The current study suggests that red foxes may serve as a host for B. canis, and naïve populations of this species may be more susceptible to infection in new areas colonized by D. reticulatus (Zygner et al. 2009; Mierzejewska et al. 2021). The description of the presented cases further indicates that B. canis infection should be considered in the differential diagnosis of red foxes in Poland and Europe, especially in individuals with thrombocytopenia associated with D. reticulatus parasitism. Previous studies have primarily focused on the epidemiology of D. reticulatus in red foxes as a vector for B. vulpes (Mierzejewska et al. 2021).
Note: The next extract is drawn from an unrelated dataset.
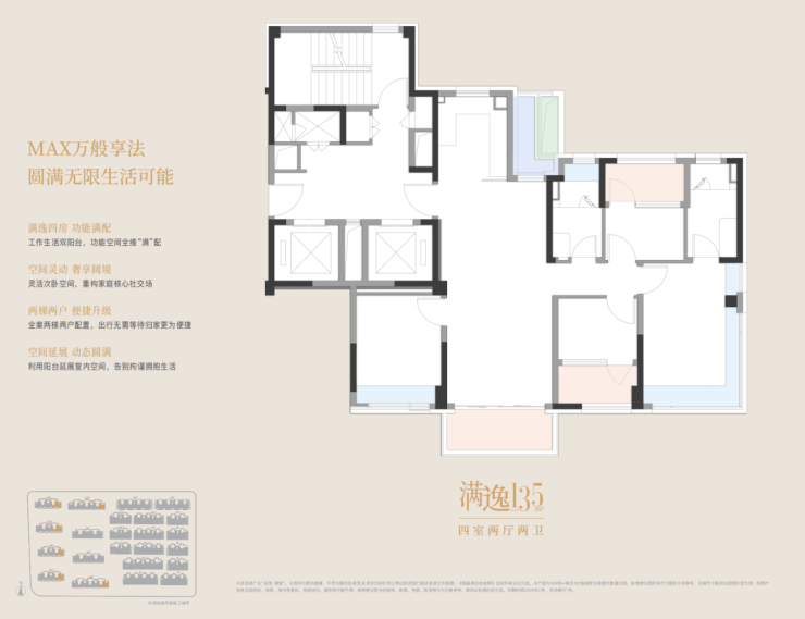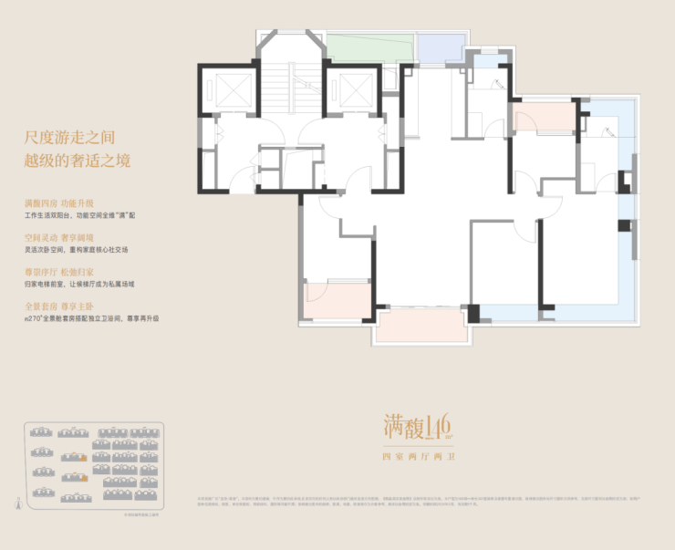 建面约112-146㎡3-4房产品,两梯两户享受独立的电梯厅,同时全系标配南北双阳台的设计,相当惊艳。
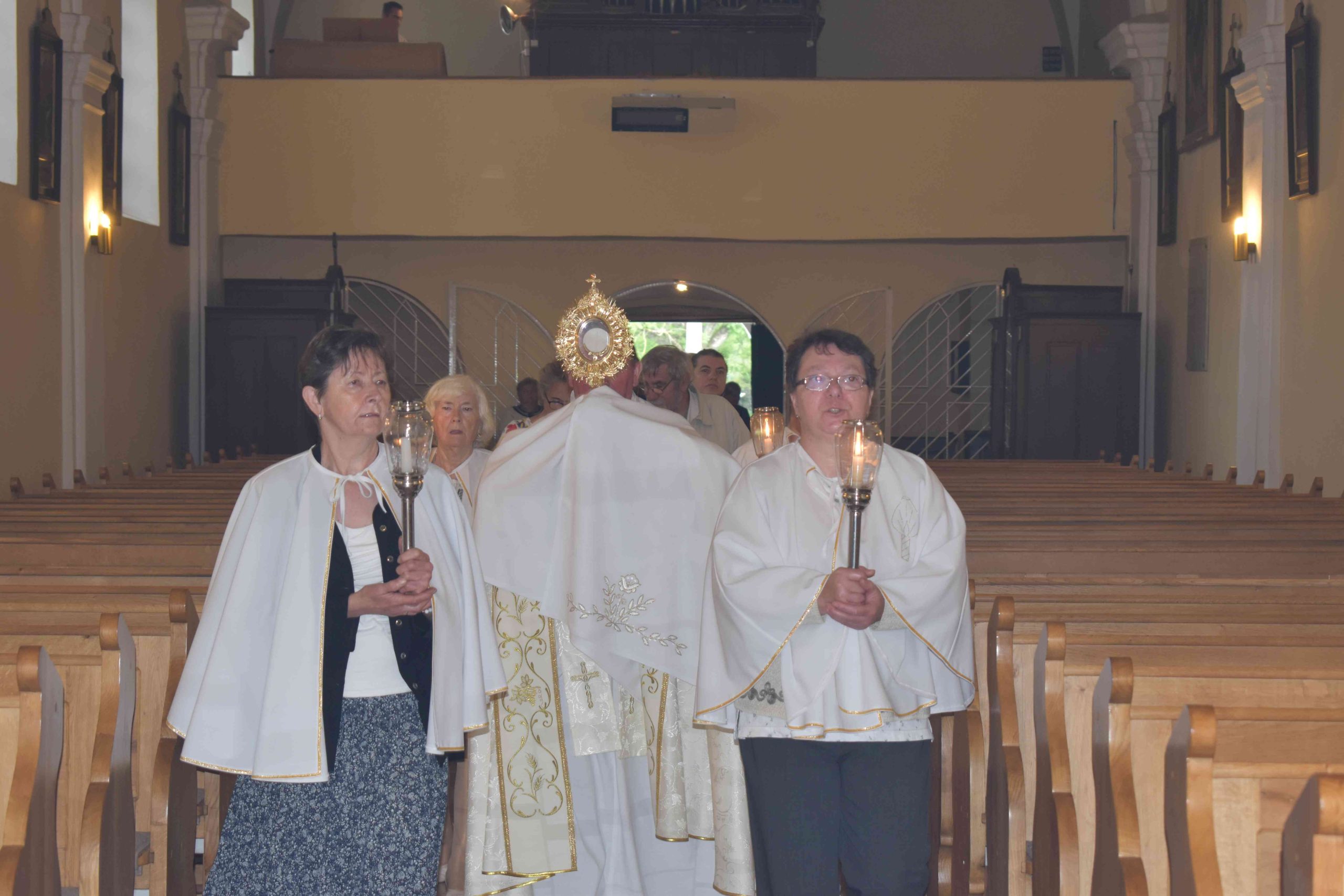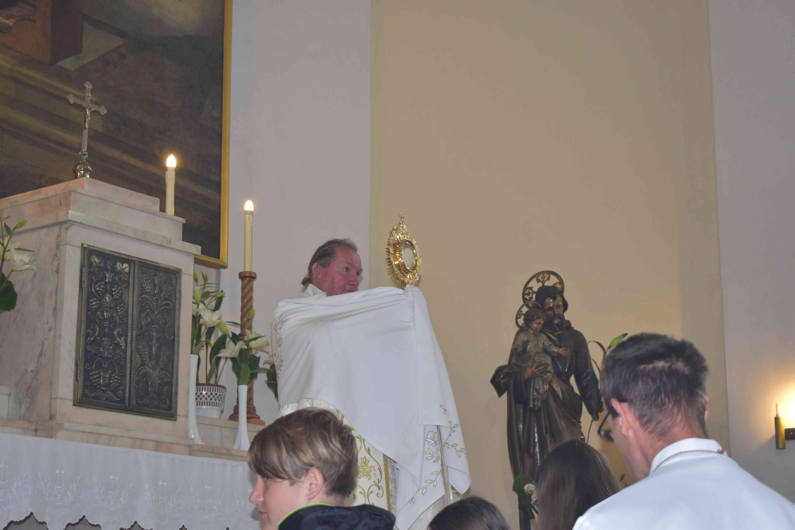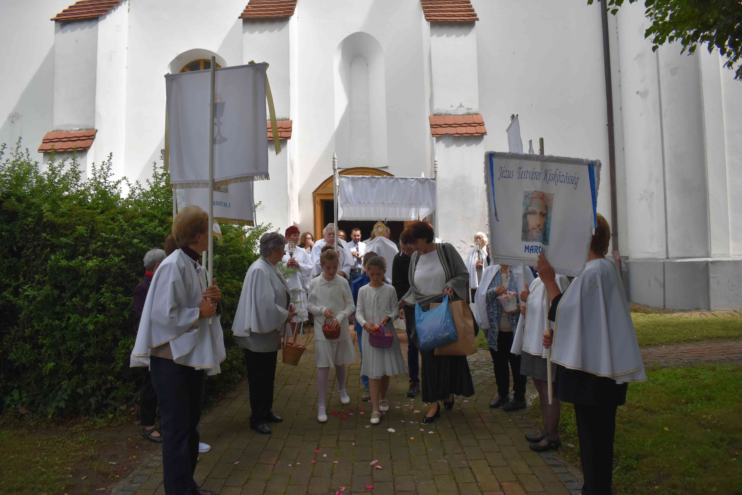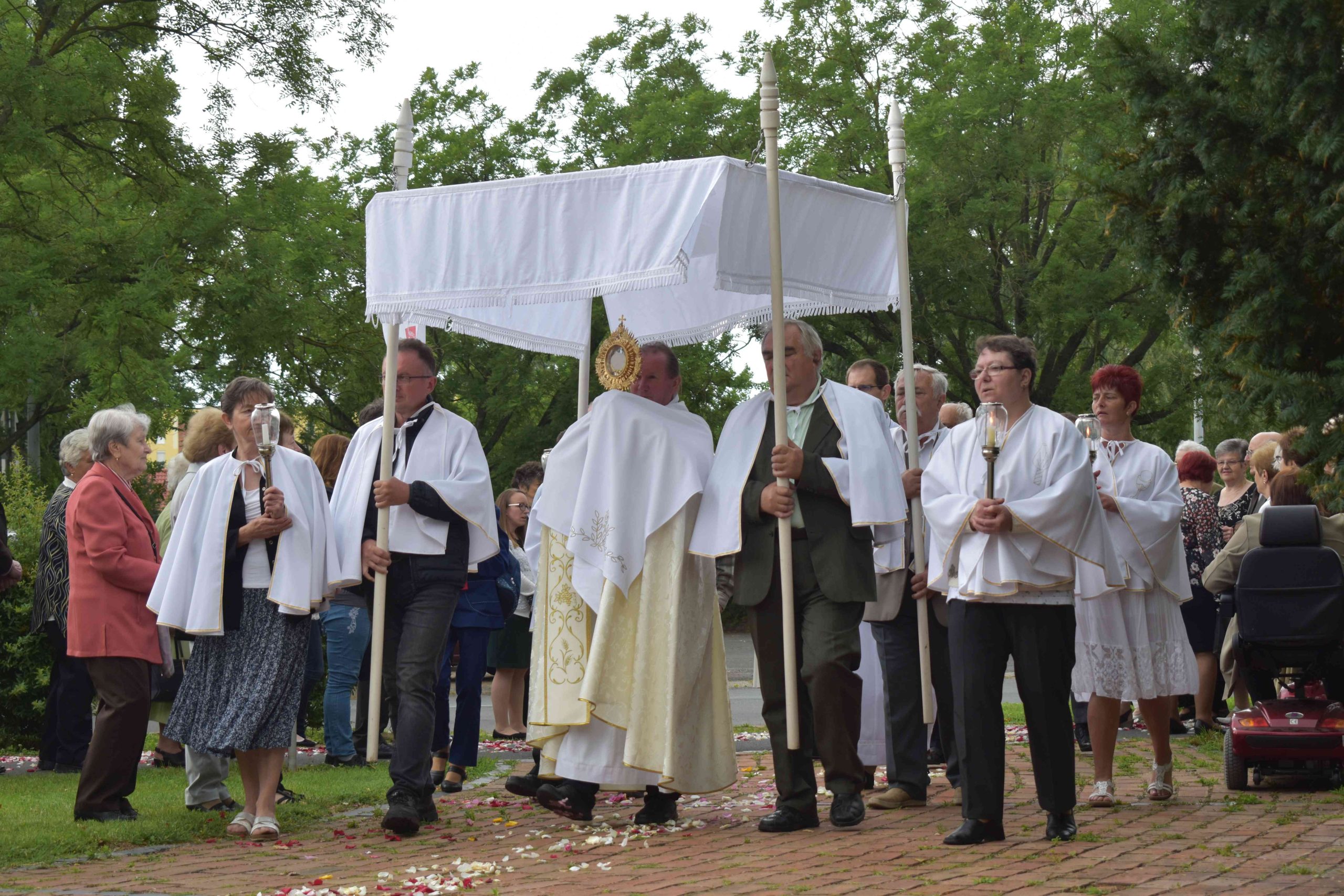 Az istentisztelet főcelebránsa Kiss Iván c. prépost, plébános volt, akiszentbeszédében az Oltáriszentség (Eucharisztia) jelentőségé hangsúlyozta. Az egyház tanítása szerint ugyanis az Oltáriszentség Jézus Krisztus valóságos teste és vére. Éppen ezért ezen az ünnepen – szerte a világban – kiviszik az utcákra és a terekre, hogy Isten szeretetét hirdessék mindenki számára.

The current findings indicate a potentially increasing role of B. canis in fox infections; however, further studies are required to determine whether red foxes can serve not only as incidental hosts but also as reservoirs capable of maintaining this haemoprotozoan parasite. A better understanding of the epidemiology of ectoparasites, such as D. reticulatus, their role in pathogen transmission, and their impact on the health of wild animals is crucial for effective management of fox populations and reducing the risk of babesiosis spreading in this animal species.